In such a hearing, the defendant could be immune from prosecution, if it’s found that there was a need to use deadly force if they feared for their life and other lives.

But, some justices, like Barbara Pariente, weren’t sure Friday was using the right venue for this sort of argument.

“Go to the Legislature and have them specify that that’s what they want of the judiciary in a pre-trial evidentiary hearing,” said Pariente. “I mean, in my view, we’d be looking at it and trying to guess what the Legislature actually wanted.”

The Issue Did Come Up In 2014 Session

Friday in his role as the lead attorney and lobbyist for gun-rights group Florida Carry Incorporated had actually worked alongside the National Rifle Association’s Marion Hammer in trying to put that same provision in a bipartisan Senate bill (SB 130) seeking to tweak the Stand Your Ground law earlier in the year.

Hammer had said the change is needed because it’s not fair for a person “fighting back” to have to prove their innocence on the assumption that they’re already guilty. The gun-rights organization—big backers of Florida’s Stand Your Ground law—even filed a brief in support of Bretherick’s position in June.

“This law is not about the convenience of the courts or the convenience of prosecutors, or law enforcement. It’s about protecting innocent people who come under attack through no fault of their own and then are treated like criminals by the judicial system.”

Earlier in the session, Tallahassee State Attorney Willie Meggs was one of the state prosecutors who was adamantly against the change. Similar to remarks made by the state prosecutor during oral arguments and a brief filed in response to the NRA’s, Meggs says it’s not fair to change the standard that’s used in similar Florida hearings.

“Under insanity, if you’re claiming you’re insane, you have the burden to prove that you’re insane. We don’t have the burden to prove that you’re sane,” said Meggs, back in March. “In alibi, if you claim the affirmative defense of alibi, you have to prove your alibi. We don’t have to disprove your alibi. You have to establish it and prove it.
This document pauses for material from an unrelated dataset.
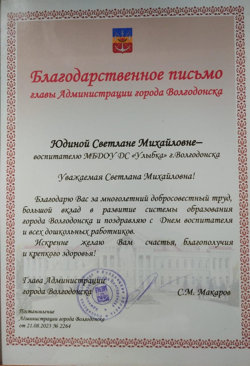 Благодарственное письмо главы Администрации города Волгодонска за многолетний добросовестный труд и большой вклад в развитие системы образования города Волгодонска.
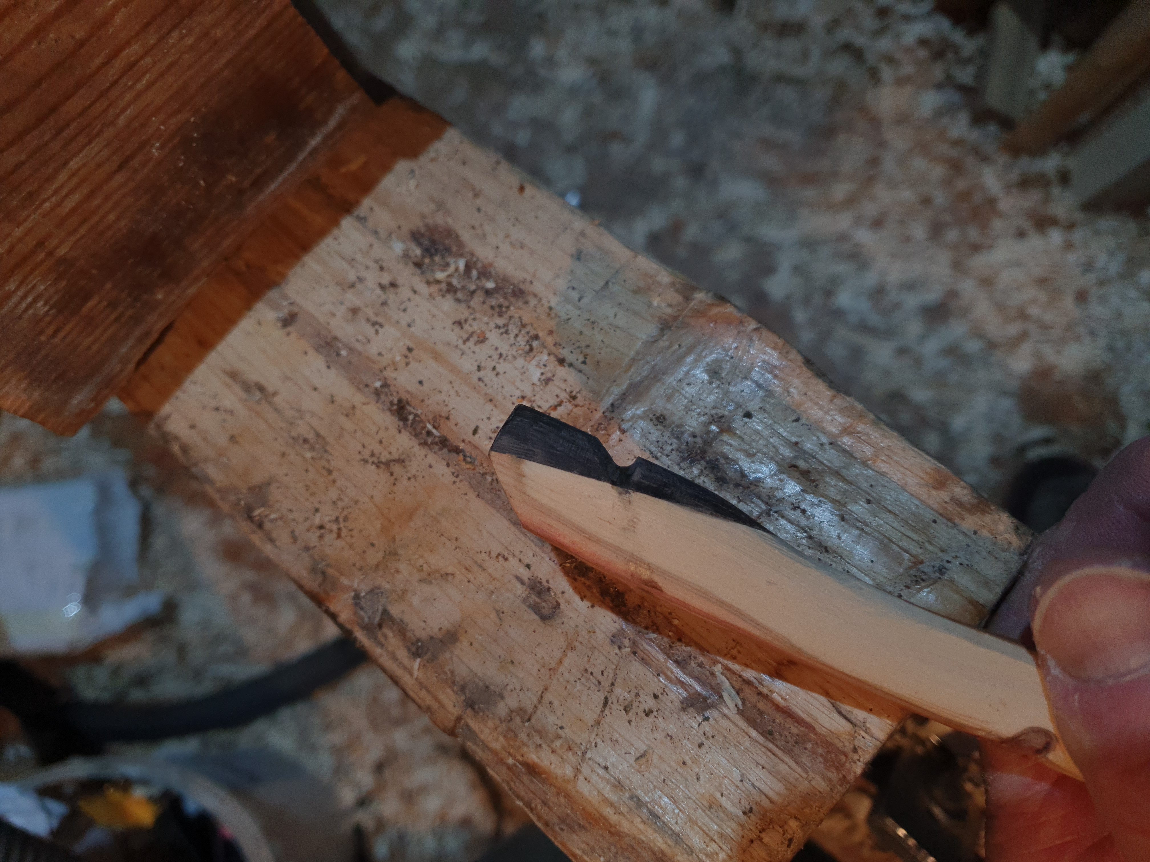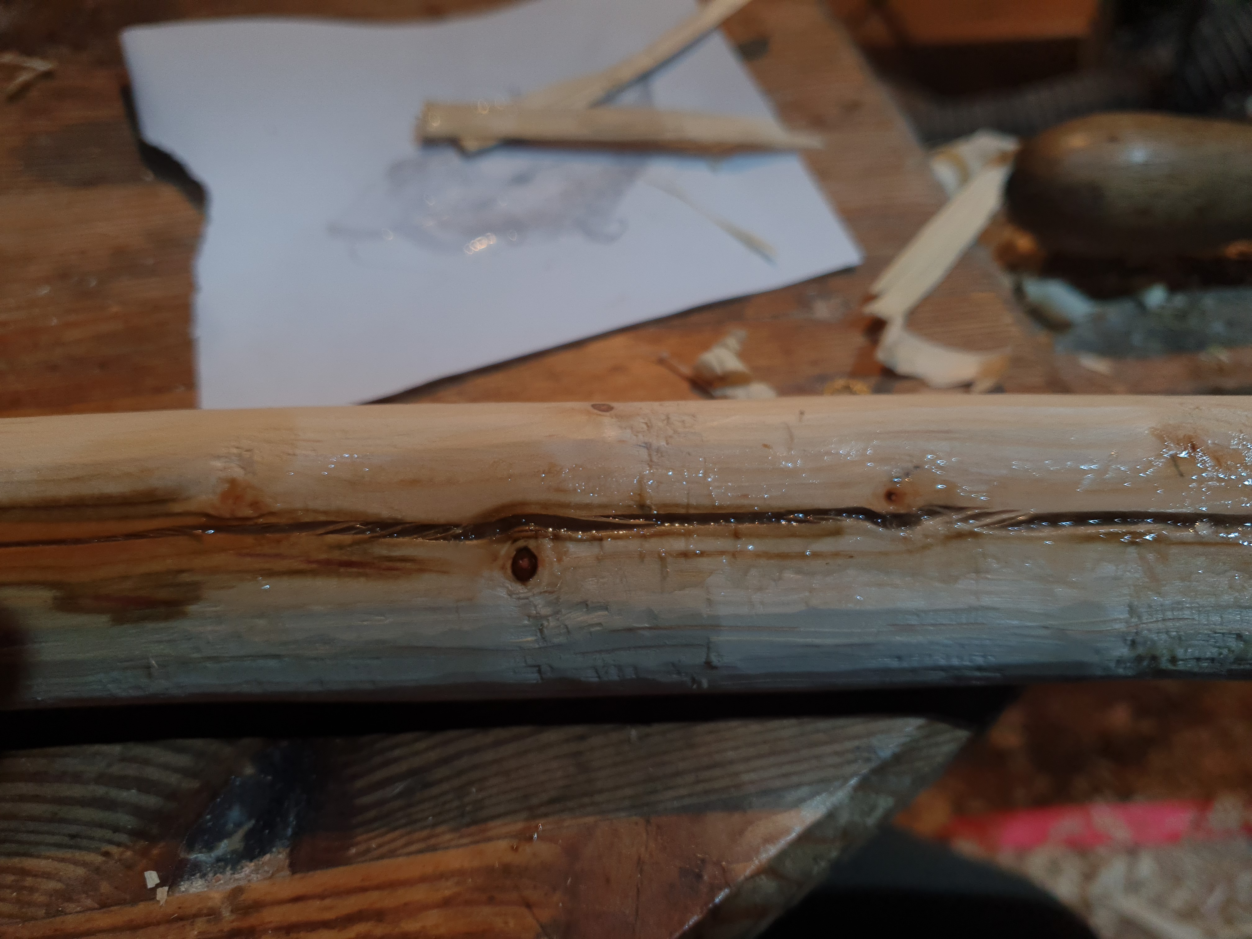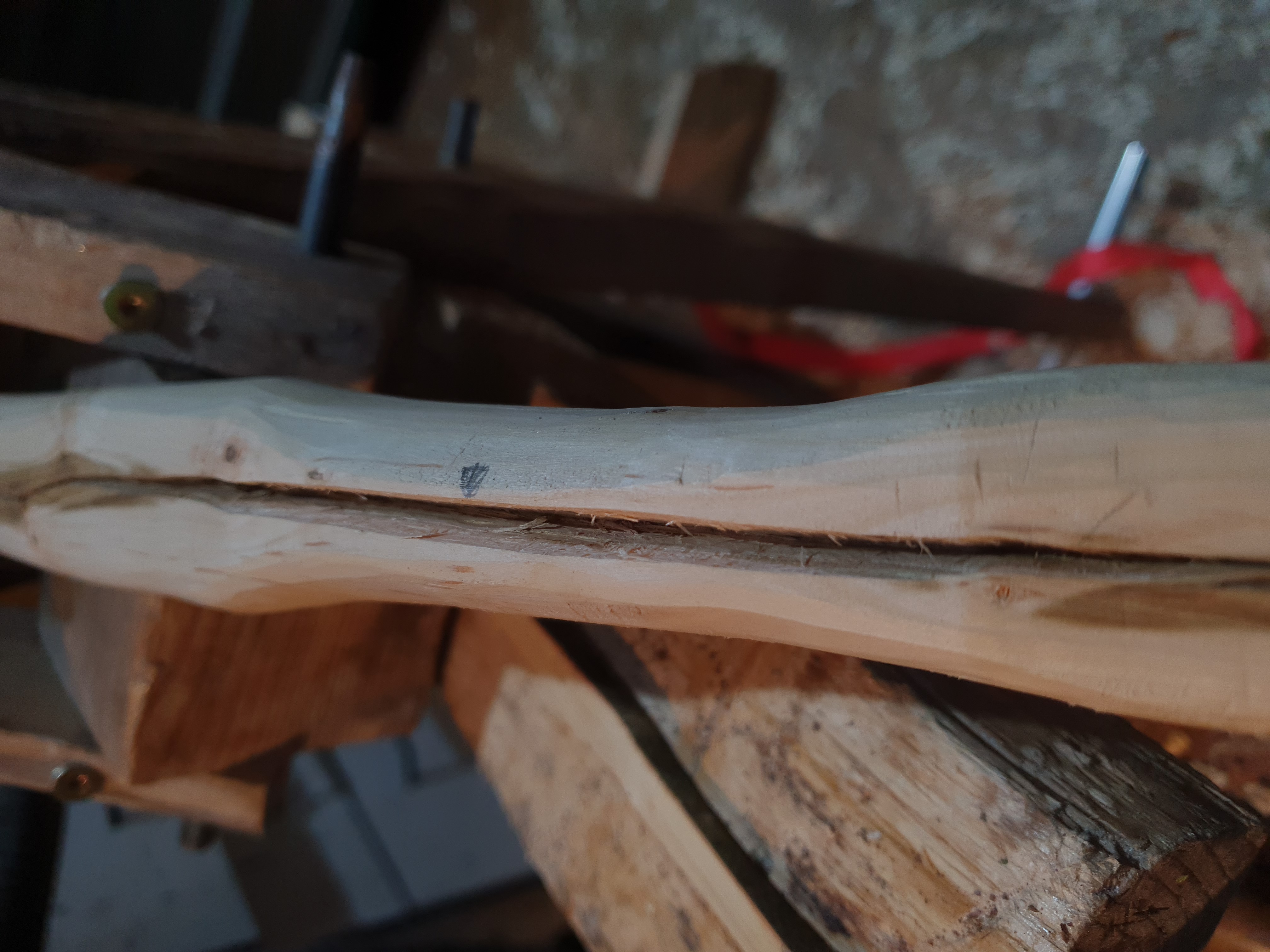 Overlays mit dem Bandschleifer in Form gebacht. Bissi getillert und den Trocknungsriss im Griffbereich mit Span und Bapp gefüllt. Den restlichen Bapp in den restlichen Riss geschmiert und Feierabend.

So, why in the world do we have this one law where the burden is on the state to prove that a person was not standing their ground?”

Will the Legislature Try Again?

But, at the end of the day, it’s uncertain what form the bill will take if the bill is brought up again. Still, one of the sponsors,  Sen. David Simmons (R-Altamonte Springs), says he still hasn’t ruled out filing a similar bill in the upcoming session.

“I certainly see the possibility of doing that,” said Simmons. “I know we’re going to have to address some issues with respect to Stand Your Ground because of the amendments that were made last Spring that did pass. And, so, this will give us an opportunity to correct not only a couple of glitches that exist in the bill and some other things.”

Last year, Simmons and former Senate Democratic Leader Chris Smith’s bill were moving through the process. But, in a procedural move by the Senate’s Rule Chair John Thrasher—under the direction of then-President Don Gaetz—the bill stalled. Now, Simmons is the new Rules Chair, under new Senate President Andy Gardiner.